ProDiGy: Proximity- and Dissimilarity-Based Byzantine-Robust Federated Learning
Sena Ergisi , Luis Maßny , Rawad Bitar
Published on arXiv
2509.09534
Data Poisoning Attack
OWASP ML Top 10 — ML02
Key Finding
ProDiGy maintains model accuracy under non-IID data heterogeneity and state-of-the-art Byzantine attacks in scenarios where existing defenses (Krum, Bulyan, FLTrust, etc.) fail to converge
ProDiGy
Novel technique introduced
Federated Learning (FL) emerged as a widely studied paradigm for distributed learning. Despite its many advantages, FL remains vulnerable to adversarial attacks, especially under data heterogeneity. We propose a new Byzantine-robust FL algorithm called ProDiGy. The key novelty lies in evaluating the client gradients using a joint dual scoring system based on the gradients' proximity and dissimilarity. We demonstrate through extensive numerical experiments that ProDiGy outperforms existing defenses in various scenarios. In particular, when the clients' data do not follow an IID distribution, while other defense mechanisms fail, ProDiGy maintains strong defense capabilities and model accuracy. These findings highlight the effectiveness of a dual perspective approach that promotes natural similarity among honest clients while detecting suspicious uniformity as a potential indicator of an attack.
Key Contributions
- Dual scoring system that jointly evaluates client gradients by proximity (honest updates cluster together) and dissimilarity (suspicious uniformity among adversarial updates is penalized)

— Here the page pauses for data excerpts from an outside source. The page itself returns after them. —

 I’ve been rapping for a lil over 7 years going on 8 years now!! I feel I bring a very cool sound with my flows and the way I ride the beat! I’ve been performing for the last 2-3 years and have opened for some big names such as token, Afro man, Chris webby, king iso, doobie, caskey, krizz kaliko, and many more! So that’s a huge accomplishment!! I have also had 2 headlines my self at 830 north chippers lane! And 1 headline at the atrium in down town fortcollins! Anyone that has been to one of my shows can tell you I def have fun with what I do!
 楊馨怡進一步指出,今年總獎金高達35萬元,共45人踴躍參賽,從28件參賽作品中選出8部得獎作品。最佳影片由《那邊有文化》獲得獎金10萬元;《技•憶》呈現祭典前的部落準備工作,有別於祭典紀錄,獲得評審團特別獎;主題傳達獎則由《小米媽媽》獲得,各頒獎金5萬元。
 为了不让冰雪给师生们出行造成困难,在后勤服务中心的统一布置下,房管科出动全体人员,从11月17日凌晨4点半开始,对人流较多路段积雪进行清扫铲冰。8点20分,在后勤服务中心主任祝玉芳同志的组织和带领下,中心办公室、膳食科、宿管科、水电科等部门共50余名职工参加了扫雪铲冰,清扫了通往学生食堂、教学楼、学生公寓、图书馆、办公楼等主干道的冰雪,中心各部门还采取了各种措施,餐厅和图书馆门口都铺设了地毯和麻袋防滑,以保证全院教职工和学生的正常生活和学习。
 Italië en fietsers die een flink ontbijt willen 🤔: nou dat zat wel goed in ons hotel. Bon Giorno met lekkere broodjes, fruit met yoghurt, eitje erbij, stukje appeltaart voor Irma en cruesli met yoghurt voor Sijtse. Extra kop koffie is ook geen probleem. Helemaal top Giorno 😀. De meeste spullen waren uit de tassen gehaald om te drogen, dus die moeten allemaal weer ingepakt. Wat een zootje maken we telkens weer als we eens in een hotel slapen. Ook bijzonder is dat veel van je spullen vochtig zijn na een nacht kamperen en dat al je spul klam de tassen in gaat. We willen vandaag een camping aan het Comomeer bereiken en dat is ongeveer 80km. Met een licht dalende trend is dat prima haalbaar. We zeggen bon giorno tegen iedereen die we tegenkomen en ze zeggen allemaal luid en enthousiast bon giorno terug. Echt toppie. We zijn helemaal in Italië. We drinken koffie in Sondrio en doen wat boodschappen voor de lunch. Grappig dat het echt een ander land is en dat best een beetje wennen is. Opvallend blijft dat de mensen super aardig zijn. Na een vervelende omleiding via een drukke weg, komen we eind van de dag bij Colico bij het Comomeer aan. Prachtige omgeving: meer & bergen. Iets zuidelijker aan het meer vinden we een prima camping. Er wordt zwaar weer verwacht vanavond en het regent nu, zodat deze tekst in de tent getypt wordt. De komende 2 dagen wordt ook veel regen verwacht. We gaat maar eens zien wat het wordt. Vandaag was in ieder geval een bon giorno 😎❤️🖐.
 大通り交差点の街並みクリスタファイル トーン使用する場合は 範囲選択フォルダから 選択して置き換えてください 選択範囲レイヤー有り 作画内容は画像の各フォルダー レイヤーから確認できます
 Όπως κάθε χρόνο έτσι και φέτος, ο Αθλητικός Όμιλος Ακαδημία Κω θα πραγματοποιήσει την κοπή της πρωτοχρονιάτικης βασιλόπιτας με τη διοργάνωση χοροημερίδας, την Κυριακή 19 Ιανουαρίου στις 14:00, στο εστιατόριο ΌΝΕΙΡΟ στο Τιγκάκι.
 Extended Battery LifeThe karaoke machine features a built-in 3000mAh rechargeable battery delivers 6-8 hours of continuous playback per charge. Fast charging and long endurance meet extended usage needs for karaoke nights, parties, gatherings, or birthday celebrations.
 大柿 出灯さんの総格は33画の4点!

- Byzantine-robust aggregation algorithm ProDiGy that maintains model accuracy under non-IID data heterogeneity where state-of-the-art defenses fail
- Extensive empirical evaluation across diverse FL settings (IID and non-IID) against prominent attacks (ALIE, FOE, mimic), outperforming existing robust aggregation rules in worst-case utility
🛡️ Threat Analysis
ProDiGy defends against Byzantine attacks in federated learning, where malicious clients send adversarial gradient updates to degrade the global model's performance — this is the canonical FL poisoning / Byzantine-fault-tolerant aggregation threat covered by ML02.